Anyway, I carried one corner of the stretcher, and the wounded British soldier kept bleeding as we headed back across the Naktong River, the little metal floating bridge, and the long and weight-heavy stretcher. The four of us never communicated. We did try to console that severely wounded young lad on the stretcher. We were constantly under enemy fire with artillery shells exploding rapidly around us, throwing large amounts of water or sand on us. So far, we were still alive. Each time we heard the shells whistle, we would drop to the ground to try and make us less vulnerable.

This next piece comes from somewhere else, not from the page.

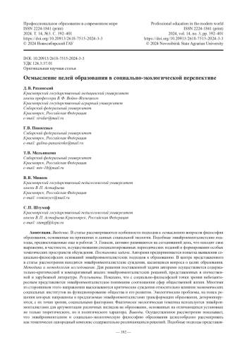 Введение. В статье рассматриваются особенности подходов к осмыслению вопросов философии образования, основанные на принципах и данных социальной экологии. Подобные энвайронменталистские подходы, предвосхищенные еще в работах Э. Геккеля, активно развиваются на сегодняшний день, что находит свое выражение, в частности, в существовании специализированных периодических изданий и формировании особых тематических пространств обсуждения.

Leaving the river behind, it was a long stretch to a wooded area and a road where they could get the soldier to a field hospital. I never learned of the wounded soldier’s fate.
During the last big stretch across the sand, more shells came in. I looked over and saw the body of a British soldier lying there, all alone, with the top of his head blown off. Somehow, and only God could tell us, his face was still recognizable. I emotionally froze. The dead British soldier was the one who saved my life by interceding in that bayonet attack on me just a few minutes prior. My emotions ran wild. How could this be? Why did this happen – to either of us?
I didn’t have time to cry, or feel the full weight of the emotional battle I had just been through. However, those series of events are as alive today as they were those 69 years ago. It is still a living question as to the outcome in the lives of those British soldiers who were also involved.
As soon as I got to an American military outpost, I used their field telephone (a phone in an army canvas bag) to call Bem Price at the AP post in Teague. I gave him the facts about the battle mistake, and he wrote the story and phoned it to Tokyo, and then by radio to San Francisco for transmission on the old A-wire across the U.S.
I only have one photo from the incident.